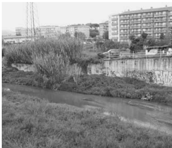
Pas del riu Mogent a l'alçada del Casal de Cultura

El ple de l'Ajuntament va aprovar de forma inicial i per unanimitat a la sessió ordinària celebrada el 9 de setembre la modificació puntual del Pla General d'Ordenació Urbana per a la desafectació dels terrenys
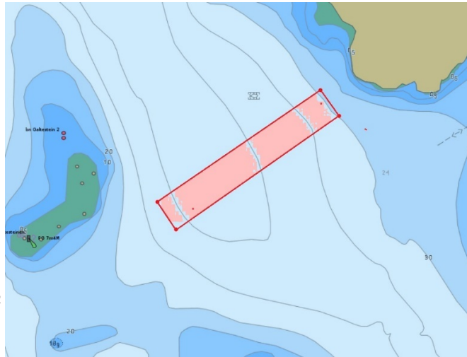
Figur 1: Plassering av anlegget ved Dyrholmen Vest etter utviding. I tillegg kjem fortøyingane som kan vere til hinder for fritidsfiske.

Merknaden frå Kjell Lieberg var at plasseringa av anlegget ville vere til hinder for båttrafikk i området. Det utvida anlegget vil fylle Utviding av anlegget vil ta mykje av plassen mellom Dyrholmen og Galtstein, men passasje med fritidsbåt mellom anlegget og Galtstein skal vere mogleg.
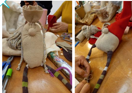
Assembler le gnome
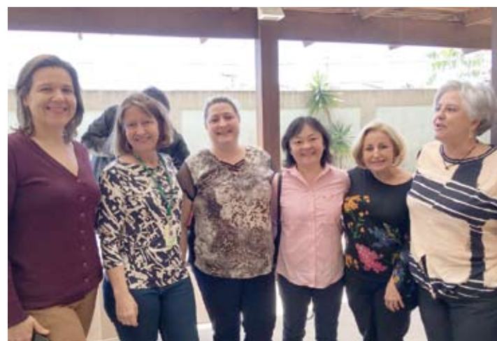
Palestrantes e convidados em evento na FMABC

gastroesofágico; contaminantes ambientais e risco da saúde; doenças endócrinas; guias alimentares para crianças abaixo de 2 anos e ansiedade e depressão em crianças e adolescentes. O evento contou com mesa redonda, painel de debates e miniconferências.
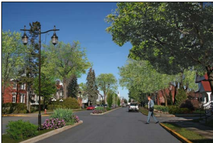
Le résultat final du réaménagement du boulevard Manseau va ressembler à ceci; le changement s'annonce magnifique.

Notons que l'aménagement paysager, au centre et sur les côtés du boulevard Manseau, devrait débuter avant l'arrivée des températures hivernales avec, notamment, la plantation d'une soixantaine d'arbres. Un système d'irrigation sera également enfoui pour s'assurer que les végétaux
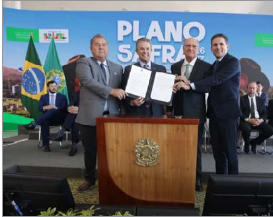
Programa Brasil-Bolívia-Pacífico cria corredor de exportação via Oceano Pacífico

Além da estruturação dos corredores logísticos, o
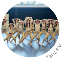
Der Tanz e.V.
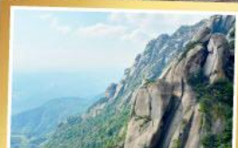
เทามิ่งซาน
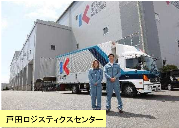
戸田ロジスティクスセンター
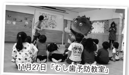
11月27日「むし歯予防教室」

══════

■ Exercise:
From the line that contains "Assembler le gnome" through the last line of the entries, transcribe every line exactly, leaving out the pictures.

■ Task result:
Assembler le gnome
Palestrantes e convidados em evento na FMABC

gastroesofágico; contaminantes ambientais e risco da saúde; doenças endócrinas; guias alimentares para crianças abaixo de 2 anos e ansiedade e depressão em crianças e adolescentes. O evento contou com mesa redonda, painel de debates e miniconferências.
Le résultat final du réaménagement du boulevard Manseau va ressembler à ceci; le changement s'annonce magnifique.

Notons que l'aménagement paysager, au centre et sur les côtés du boulevard Manseau, devrait débuter avant l'arrivée des températures hivernales avec, notamment, la plantation d'une soixantaine d'arbres. Un système d'irrigation sera également enfoui pour s'assurer que les végétaux
Programa Brasil-Bolívia-Pacífico cria corredor de exportação via Oceano Pacífico

Além da estruturação dos corredores logísticos, o
Der Tanz e.V.
เทามิ่งซาน
戸田ロジスティクスセンター
11月27日「むし歯予防教室」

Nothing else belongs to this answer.